Calum's brown eyes held a resemblance to her mother's, which only made her cower in fear; meanwhile, Michael's were the same shade as his twin's. Ashton reminded me of the past I once had here, as did his sister's, which proved to be helpful on some days, but, on most occasions, they only made me want to lay in bed and cry as I thought of everything I had lost in those months. Luke's eyes though- his were the most beautiful shade of blue, usually only a shade off from the eyes of her father's, but still enough for my mind to recognize the difference.

The only way I could tell the difference was to look closely and remember that Luke's eyes, for some unknown reason, were able to see inside of me. His eyes were the only ones that never lost their effect. While the other boys had to speak in order for my mind to process the fact that they were not my captors, Luke's only had to stare into mine for a moment before all signs of distress melted away.
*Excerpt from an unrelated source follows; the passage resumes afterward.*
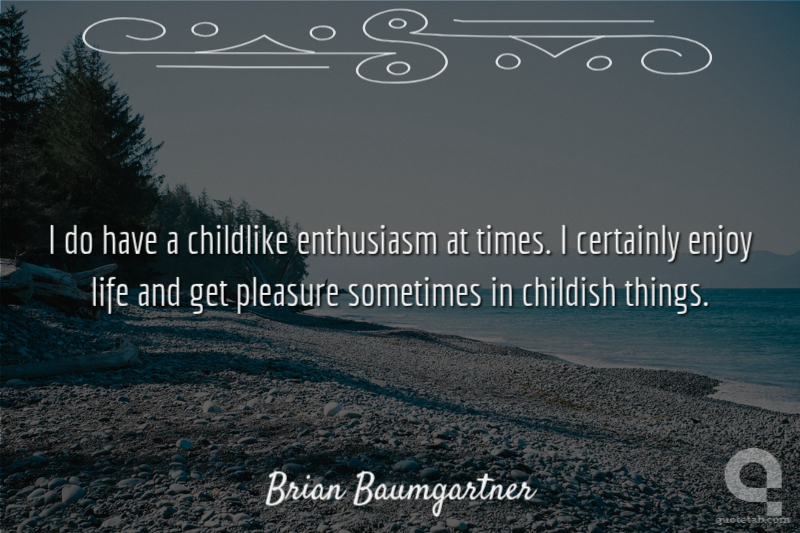 I do have a childlike enthusiasm at times. I certainly enjoy life and get pleasure sometimes in childish things. Brian Baumgartner

As I sat at the meeting table, basking in these thoughts, a hand was placed on my shoulder, causing my body to jump before relaxing into the feeling of it. I didn't have to look up to know who it was as I allowed him to sit beside me.

"You know that you can talk to me about it, right?" Luke's voice offered gently, forcing me to look at him and take in his statement.

A sigh made its way through my lips as I looked down at my hands encasing a cup of hot chocolate, the tunnels feeling especially cold due to the winter coming upon us. "It's been three months since you rescued me." I looked back up into his baby blue eyes, mine filling with tears as I attempted to keep all of my emotions at bay. "I shouldn't be like this still," I cried as his arms wrap around my frame, pulling my rolling chair closer to him.

"We can always go back to therapy," he offered, raking his hands through my hair. "We can talk about it." I shook my head at his offer, knowing that he would offer that option up as soon as I had opened my mouth. While I knew it was his way of assuring me that he wanted me to get better, I never saw therapy as getting better. Therapy was like entering one of those rooms again and being held captive as they forced me to speak about my feelings.

I didn't expect Luke to understand the depths of my mental hell, but I thought that maybe after a few weeks of not returning to the mental health professionals within the colony, that he would understand and drop the issue; however, he didn't. 

"Melissa, we didn't even complete the first month before you said that you were done," he tried once more, rubbing my shoulder gentle as he knelt on his knee beside me with a gloomy expression filling his tired features. "You need to give it time." He whispered his last words, but I couldn't help but take offense to the syllables that were meant in the sweetest of ways.